When freshet brings the North Thompson and South Thompson Rivers to a high water point , the area at the head of Kamloops Lake floods. The flat floodplains near Tranquille get covered in several feet of floodwaters. In addition, Cooney Bay floods, the beach disappears, and the shoreline recedes. We paddled out of Tranquille Bay then followed the river downstream to Cooney Bay. the feet of the cottonwoods are under water and a barrier of logs covers all parts of the shoreline. A river buoy was untethered from the channel and also ended up along the log-covered shoreline.
The piling up of logs on the shoreline started about a kilometer upstream and continued all the way to the north end of Cooney Bay. The gate to the Cooney Bay Road has been closed for a few weeks now, but there would be nowhere to walk anyway.Ducks, ospreys, loons, and bald eagles are still resident at Cooney Bay. This eagle had caught a sucker and landed on a pot in the logjam.
The shoreline past Cooney Bay was log-free all the way to Battle Bluff.
Paddling back upstream, we enjoyed seeing the sheltered floodwaters reflecting the images of logs and stumps on the shoreline, this time creating a loop in the water.
Lenticular clouds formed over Tranquille Bay. Lenticular clouds, scientifically known as altocumulus standing lenticularis, are stationary lens-shaped clouds that form at high altitudes, normally aligned at right-angles to the wind direction.
Mount Mara and the shoreline reflect in the calm waters of Tranquille Bay on the paddle back to the launch area.
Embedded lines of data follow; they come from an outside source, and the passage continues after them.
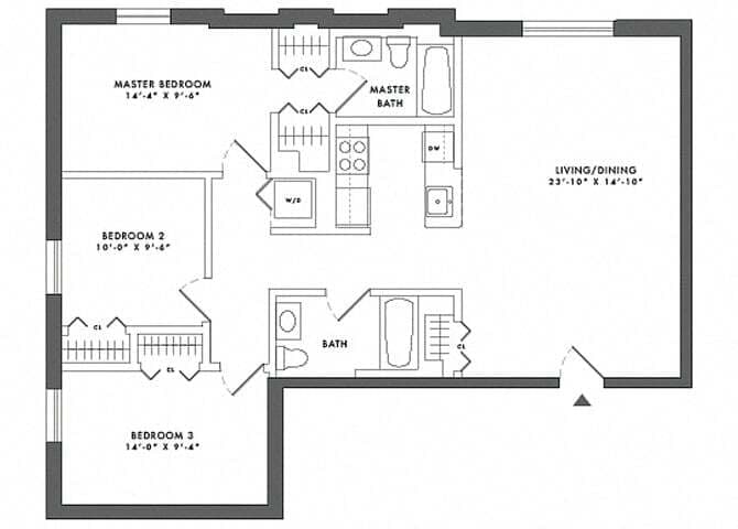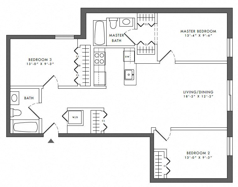 Modelo de apartamento: 2 Bed/1 BathLlame para Precios2 Dormitorios, 1 Baño, 810 sq ftNo Disponible![]()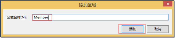 在彈出的添加區(qū)域?qū)υ捒蜉斎雲(yún)^(qū)域名稱:Member,完成區(qū)域添加。
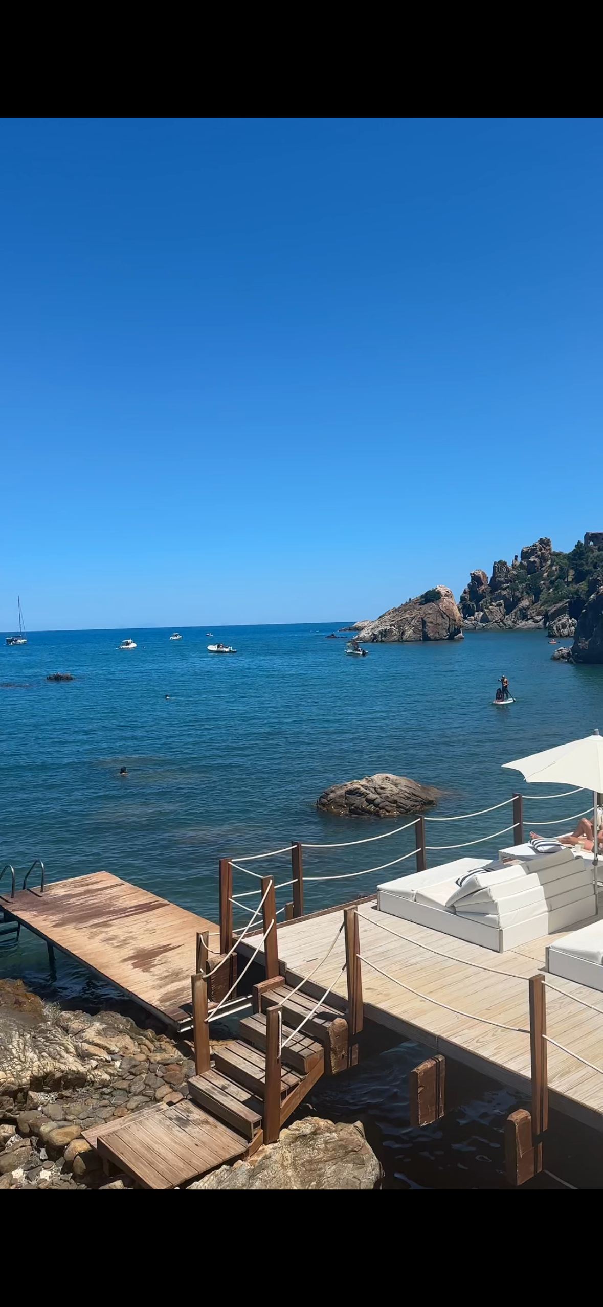 The beaches here are stunning, with numerous options for renting a sunbed for the day. However, keep in mind that prices tend to rise on weekends! When we went, we arrived early to soak up as much sun as possible. Rates were around €20 per bed on weekdays, but can jump to €30-€40 on weekends. While there are sections of the beach open to the public, they can get quite crowded. Plus, you'll find lifeguards on duty for added safety.

Freshet brings meltwaters from the north and the east to Kamloops and the South Thompson River and the North Thompson Rivers join to bring floodwaters to the area near the head of Kamloops Lake. On the north side the 2km x 1km flatlands become covered in 2-3.5 meters of water to become Tranquille Bay. On the south side of the river the 2.5 km x 0.7 km areas also become inundated and channels and bays form among small islands and willow groves. If we paddle through channels into both areas, crossing the river twice, we can cover 10km in our kayaks.
By mid-May the floodwaters reach the shoreline near Tranquille, but we need to wait for the waters to rise enough to cover the barbed-wire grazing fences too. We can usually launch and paddle through this area for 6 – 7 weeks.
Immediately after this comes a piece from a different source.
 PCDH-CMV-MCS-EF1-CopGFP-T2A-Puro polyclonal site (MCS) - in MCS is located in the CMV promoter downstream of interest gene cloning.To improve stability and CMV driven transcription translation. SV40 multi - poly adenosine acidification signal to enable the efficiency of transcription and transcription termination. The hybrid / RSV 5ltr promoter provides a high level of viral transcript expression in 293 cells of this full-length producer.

When there is no wind, the waters of Tranquille Bay are mirrors of the shoreline features.
Mara Mountain provides colorful background terrain, standing above Tranquille Bay and the Floodlands.
Willows stand out in the floodwaters like floating islands.
We often paddle south for 1.3 km to the river then we have a 1.1 km crossing of open water. Our seaworthy ocean kayaks handle any wind and waves well. Smaller boats without rudders should probably stay on the north side of the river on a windy day. All kayakers should be carrying a paddle float, tow rope, a bailer/pump, and some kind of communication device if crossing Kamloops Lake or the open river of this area. Too few kayakers have practiced self-rescue but they still venture into exposed conditions.
Once we are on the other side, the river channels provide protected paddling. The channels are a maze of navigable routes and dead-ends, but in general if we stay close to the shoreline we can paddle all the way through the south floodlands to the east end.
The channels of the south side have a special quality not available anywhere else in the Interior. There are some grazing fences on this side, but when the water is high, we drift right over them.
We take any channel that leads back to the river which we cross, using the current to take a long diagonal route northwest. Once we are on the other side, we look for more channels to work our way into Tranquille Bay. We took our time and paddled for 3 hours in a large loop.
On other days, we stay in channels and bays on the north side only (a good plan for smaller boats or less-experienced paddlers). We watch for wetland birds, turtles, raptors, muskrats, river otters, carp, and water-tolerant flowering shrubs as we explore the floodlands. We will continue to explore these “water trails” as they change with flood volumes right up to the point when the rivers drop at the end of June.